Klasyczny precedensEdit

Tragiczne maski komiczne starożytnego teatru greckiego reprezentowane w mozaice w Willi Hadriana.

Nie ma zwięzłej formalnej definicji tragikomedii z epoki klasycznej. Wydaje się, że grecki filozof Arystoteles miał na myśli coś w rodzaju renesansowego znaczenia tego terminu (czyli poważną akcję ze szczęśliwym zakończeniem), gdy w Poetyce omawia tragedię z podwójnym zakończeniem. Pod tym względem wiele greckich i rzymskich sztuk, na przykład Alcestis, można nazwać tragikomediami, choć bez żadnych konkretnych atrybutów poza fabułą. Samo słowo wywodzi się od rzymskiego komediopisarza Plauta, który nieco żartobliwie użył go w prologu do sztuki Amfitryon. Postać Merkurego, wyczuwając indecorum włączenia do komedii zarówno królów, jak i bogów obok sług, oświadcza, że lepiej, aby sztuka była „tragikomedią”:

Zrobię z tego mieszankę: niech to będzie tragikomedia. Nie wydaje mi się, żeby wypadało robić z niej konsekwentnie komedię, skoro są w niej królowie i bogowie. Co o tym sądzisz? Skoro niewolnik też ma udział w sztuce, uczynię z niej tragikomedię…-Plautus, Amfitryon

Odrodzenie renesansoweEdit

WłochyEdit

Uwaga Plutusa wywarła zapewne nadmierny wpływ na renesansową teorię estetyczną, która w dużej mierze przekształciła uwagi Arystotelesa o dramacie w sztywną teorię. Dla „twórców reguł” (termin ten pochodzi od Giordano Bruno) dzieła „mieszane”, takie jak wspomniane wyżej, nowsze „romanse”, jak Orlando Furioso, a nawet Odyseja, były w najlepszym razie zagadkami, w najgorszym – błędami.
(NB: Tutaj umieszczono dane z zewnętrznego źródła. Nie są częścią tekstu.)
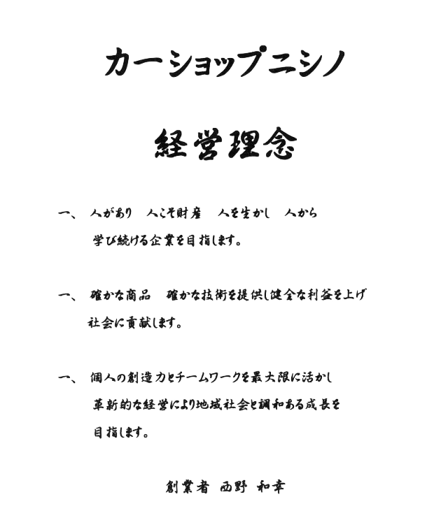 | 取扱業務 | 中古車販売、国産新車販売、輸入新車販売、注文販売、リース販売、 レンタカー、保険取扱、JAF 入会取次、板金・塗装、ルームクリーニング、ドレスアップ、一般整備、点検整備、車検整備 |
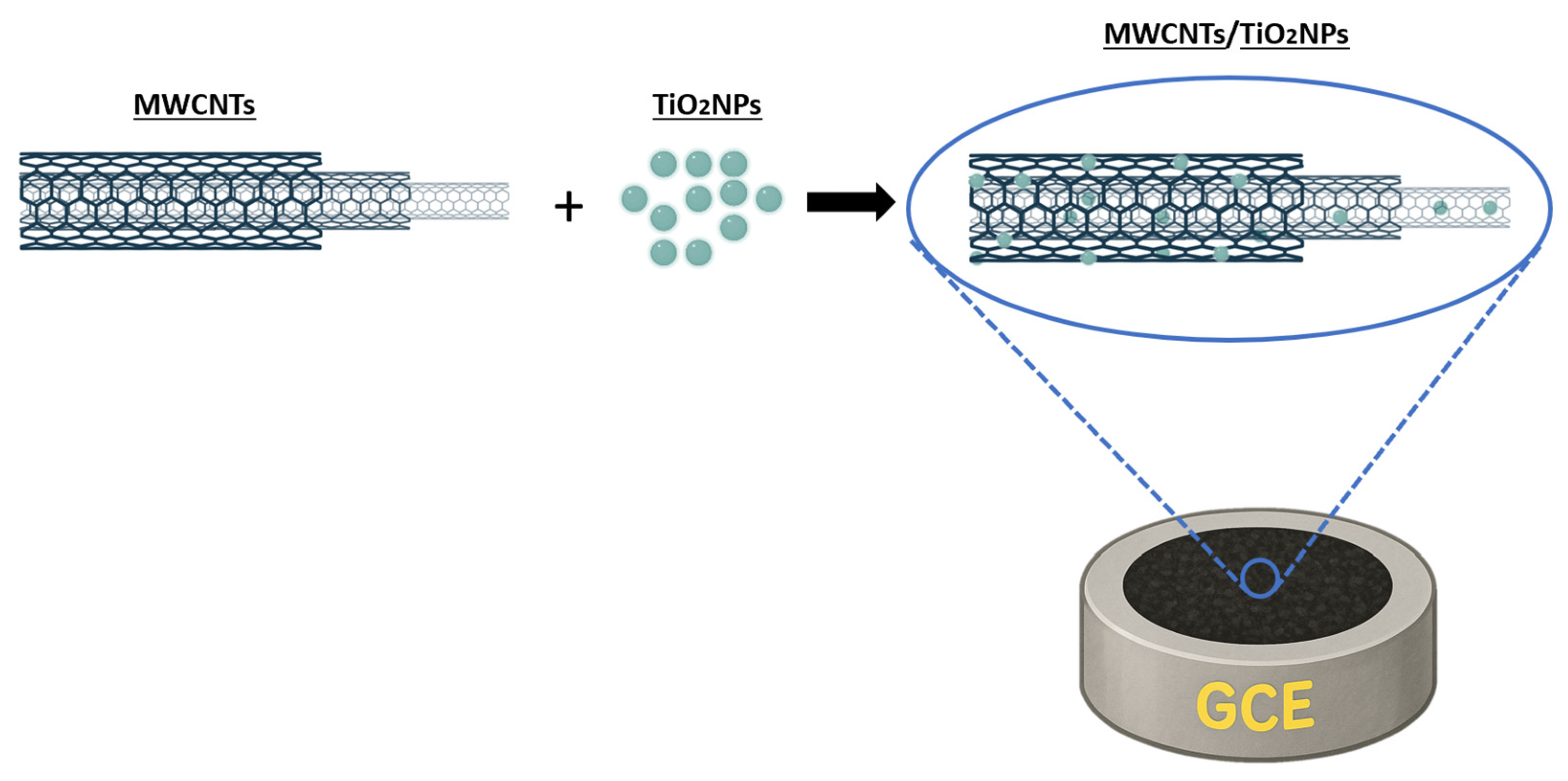 Madrakian et al. used nanocomposites of Fe3O4/MWCNT to modify GCEs. The proposed sensors have been effectively used to detect rizatriptan (RZB) in blood samples and real-world drugs [91]. In a separate study, Ghaedi et al. demonstrated that the ZnO-MWCNT/carbon paste electrode (CPE) exhibited outstanding analytical performance for the measurement of citalopram, with extremely low detection limits, high sensitivity, and excellent reproducibility and repeatability when compared to other techniques published in the literature [92]. Fotouhi et al. developed an efficient electrochemical sensor based on MWCNTs and TiO2 NPs in a chitosan matrix, as demonstrated in Figure 11. The simultaneous determination of hydroquinone (HQ), catechol (CC), and resorcinol (RS) was achieved with adequate analytical performance in separate or three-component solutions [93]. As demonstrated by Arévalo et al., the utilization of electrochemical sensors based on a GCE modified with MWCNTs/CuO NPs resulted in the quantitative detection of glycerol in biodiesel samples exhibiting good performance, stability, reproducibility, repeatability, low detection limits, and wide linear concentration ranges [94]. Tavana et al. synthesized Pt-Pd/NiO-NPs decorating the surface of single-walled carbon nanotubes (SWCNTs) using a simple chemical precipitation process [95]. The utilization of CPEs based on the nanocomposite material led to the detection of nalbuphine with a detection limit of 0.9 nM and tramadol with a detection limit of 50.0 nM in drug samples. In a related development, Yue et al. proposed electrochemical sensors based on NiO NPs and MWCNTs to detect nitrite [96]. The most advanced device exhibited a sensitive response to the analyte with a linear relationship between the peak oxidation current and concentration ranging from 10−6 M to 10−4 M (R = 0.997), a sensitivity of 3.53 µA µM−1, and a detection limit of 0.25 µM (S/N = 3).

Dwie postacie przyczyniły się do podniesienia tragikomedii do rangi regularnego gatunku, przez co rozumie się taki, który ma swój własny zestaw sztywnych reguł. Giovanni Battista Giraldi Cinthio, w połowie XVI wieku, zarówno przekonywał, że tragedia z komicznym zakończeniem (tragedia de lieto fin) jest najbardziej odpowiednia dla współczesnych czasów, jak i stworzył własne przykłady takich sztuk. Jeszcze ważniejszy był Giovanni Battista Guarini. Opublikowany w 1590 roku Il Pastor Fido Guariniego wywołał ostrą debatę krytyczną, w której ostatecznie zwyciężyła zaciekła obrona gatunkowej innowacji przez Guariniego. Tragikomedia Guariniego oferowała modulowaną akcję, która nigdy nie dryfowała zbyt daleko ani w stronę komedii, ani tragedii, zmanierowane postaci i pastoralną scenerię. Wszystkie te trzy elementy stały się podstawami tragikomedii kontynentalnej na wiek i dłużej.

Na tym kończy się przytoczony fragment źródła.